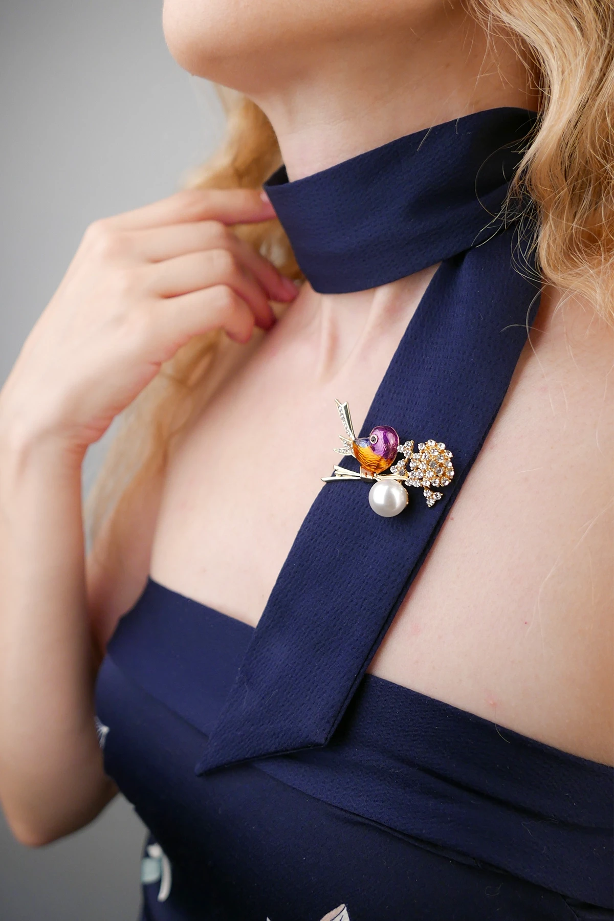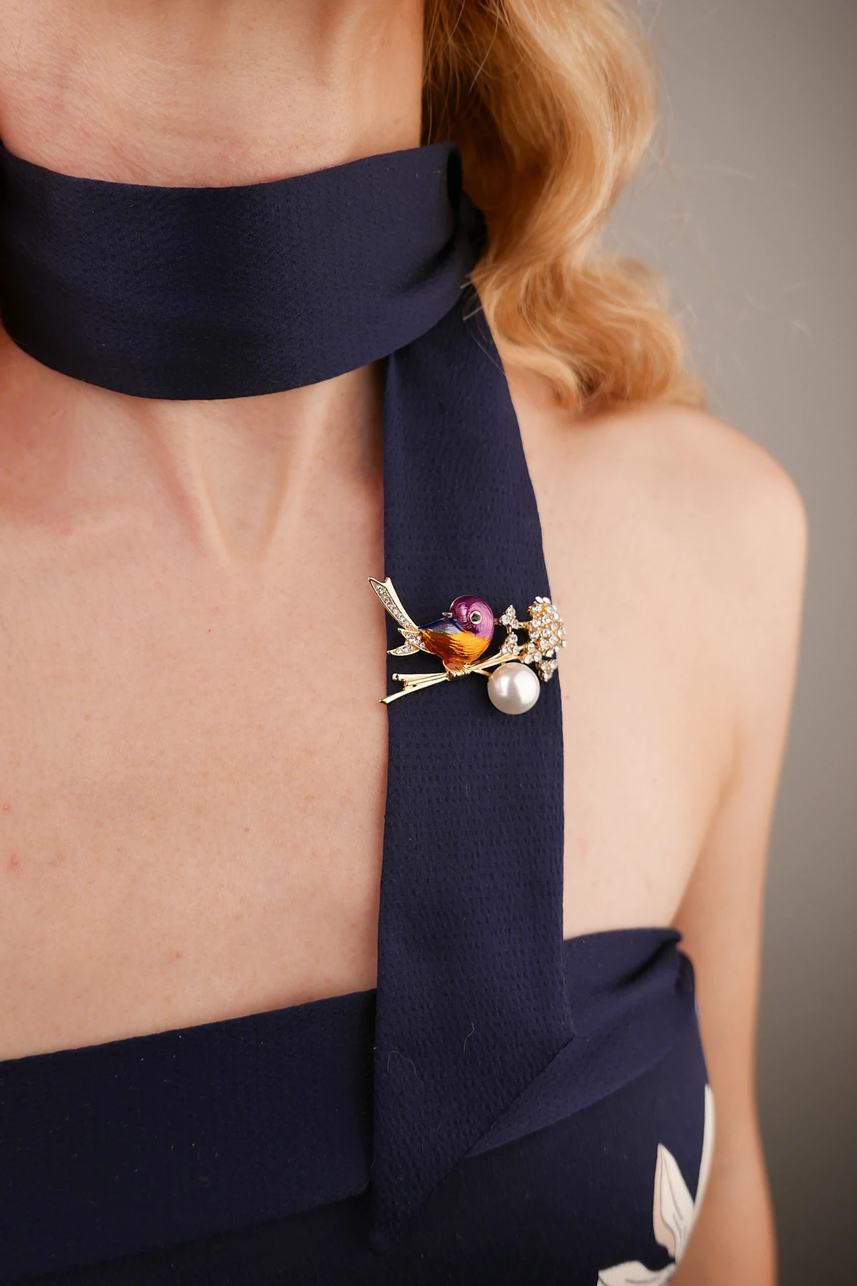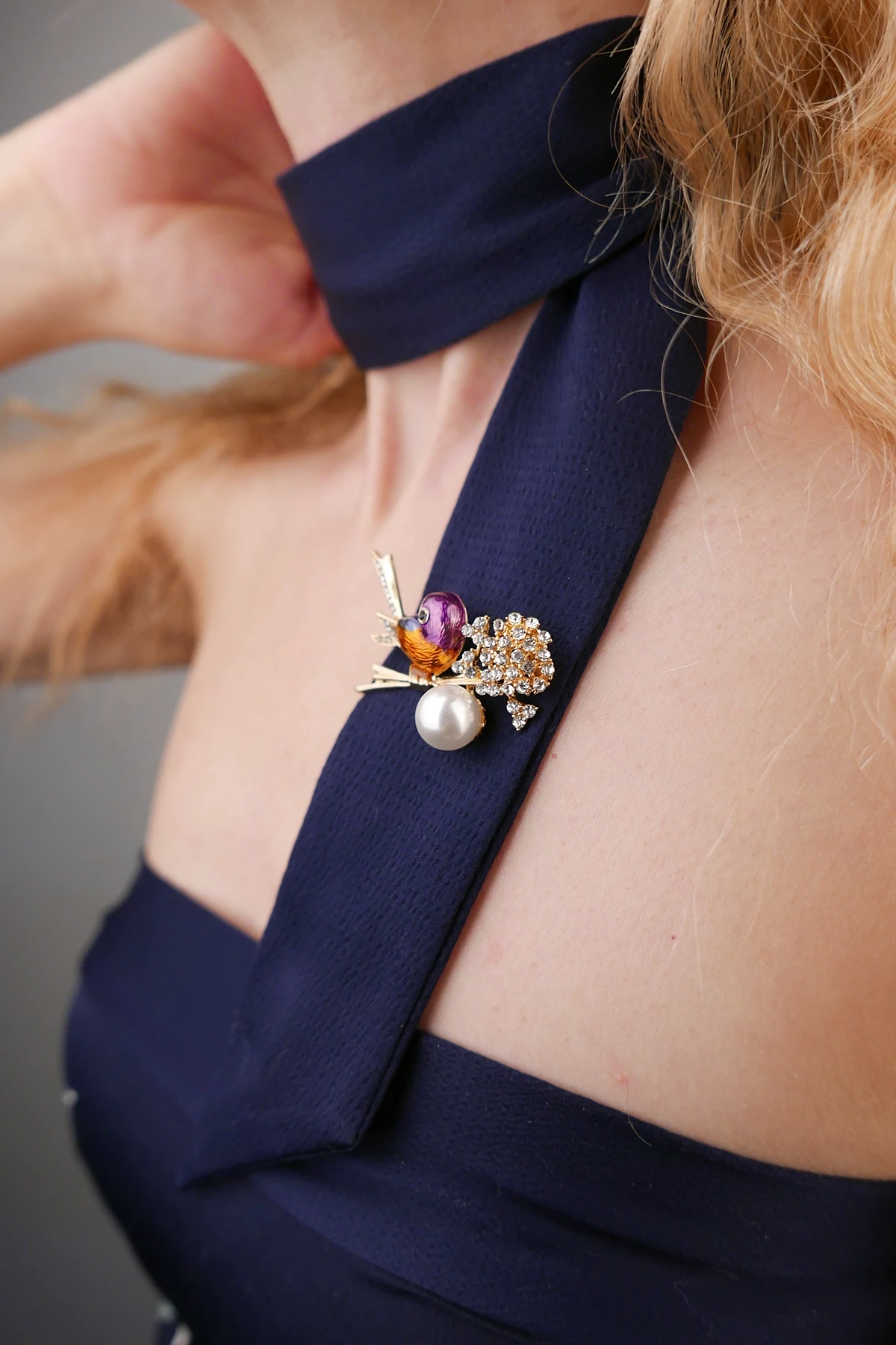 Mor, turuncu ve altın tonlarında tasarlanmış incili ve zirkon taşlı kuş broş, stilinize şık bir dokunuş katmak için ideal bir aksesuardır. Ceket yakasına, çantanıza veya şapkanızda kullanarak kombininizi tamamlayabilirsiniz.
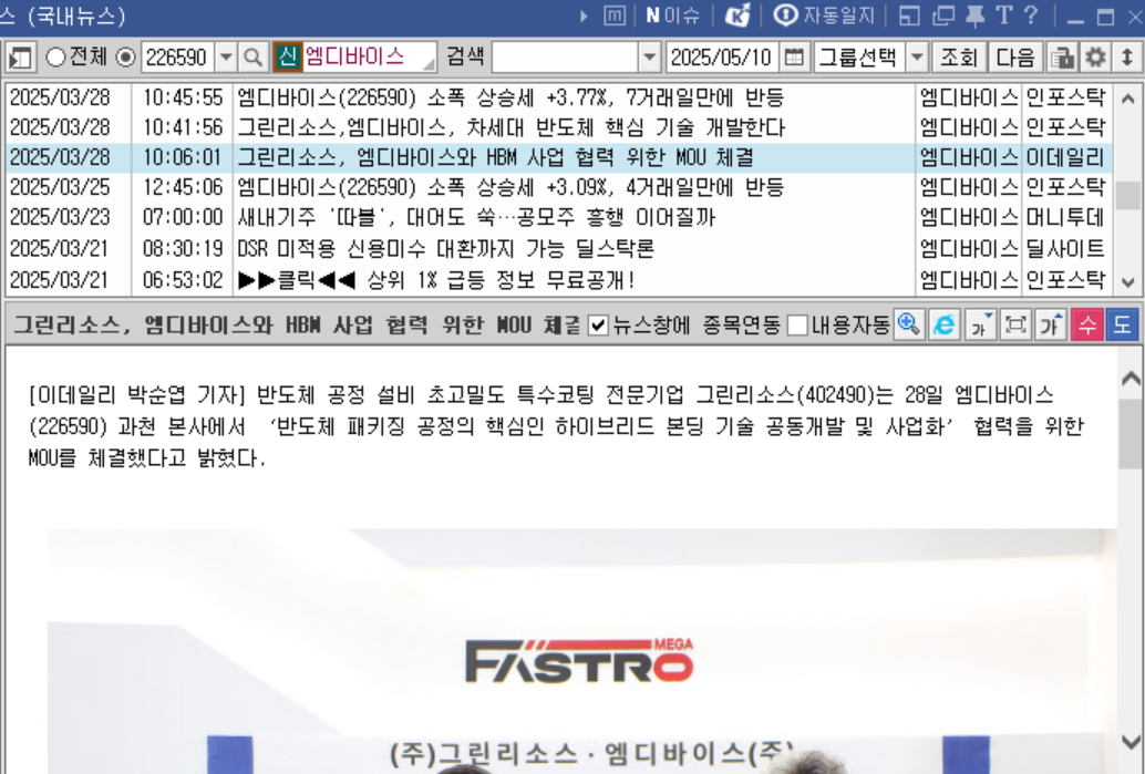 납품 가능성 근거: SK하이닉스는 HBM 적층 단수를 늘리면서 칩 간 간격 축소와 열관리 문제를 해결해야 하는데?blog.naver.com, 마이크로범프 대신 Cu-Cu 직접 접합하는 하이브리드 본딩이 해법으로 주목됩니다?etnews.com. 엠디바이스의 기술은 고다층 적층의 신뢰성을 높이고 신호 전달 개선에 기여할 수 있어, 관련 공정 도입 시 파트너로 선정될 가능성이 높습니다. 특히 동사가 국내 최초로 하이브리드 본딩 기반 HBM 적층 기술을 선보였다는 점에서 SK하이닉스의 조달 다변화 전략과 맞아떨어집니다. SK하이닉스는 HBM 분야에서 국내 소부장 협력을 강화하고 있어?blog.naver.com?blog.naver.com, 혁신 기술 보유 업체인 엠디바이스에 기회를 부여할 것으로 예상됩니다.
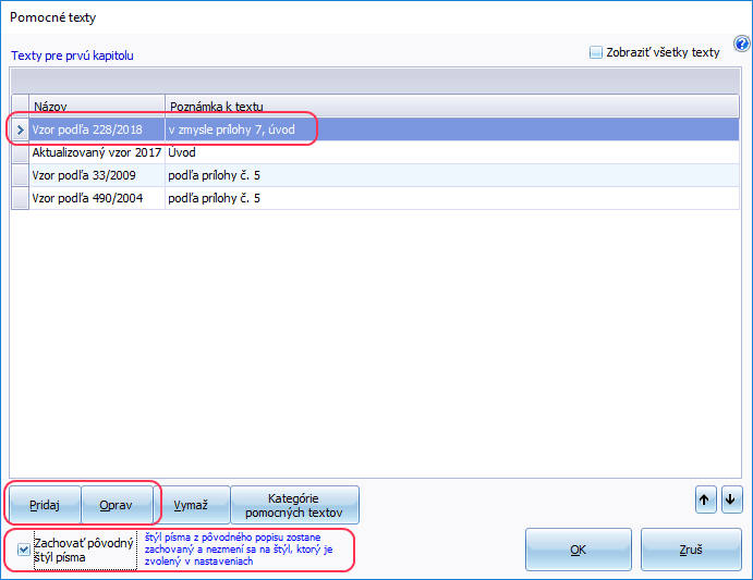 Kde nájdem v novej verzii aktualizované vzorové texty?

• [Work to be completed]
Omitting all pictures, give the preceding listing again exactly.

• [Answer section]
 Mor, turuncu ve altın tonlarında tasarlanmış incili ve zirkon taşlı kuş broş, stilinize şık bir dokunuş katmak için ideal bir aksesuardır. Ceket yakasına, çantanıza veya şapkanızda kullanarak kombininizi tamamlayabilirsiniz.
 납품 가능성 근거: SK하이닉스는 HBM 적층 단수를 늘리면서 칩 간 간격 축소와 열관리 문제를 해결해야 하는데?blog.naver.com, 마이크로범프 대신 Cu-Cu 직접 접합하는 하이브리드 본딩이 해법으로 주목됩니다?etnews.com. 엠디바이스의 기술은 고다층 적층의 신뢰성을 높이고 신호 전달 개선에 기여할 수 있어, 관련 공정 도입 시 파트너로 선정될 가능성이 높습니다. 특히 동사가 국내 최초로 하이브리드 본딩 기반 HBM 적층 기술을 선보였다는 점에서 SK하이닉스의 조달 다변화 전략과 맞아떨어집니다. SK하이닉스는 HBM 분야에서 국내 소부장 협력을 강화하고 있어?blog.naver.com?blog.naver.com, 혁신 기술 보유 업체인 엠디바이스에 기회를 부여할 것으로 예상됩니다.
 Kde nájdem v novej verzii aktualizované vzorové texty?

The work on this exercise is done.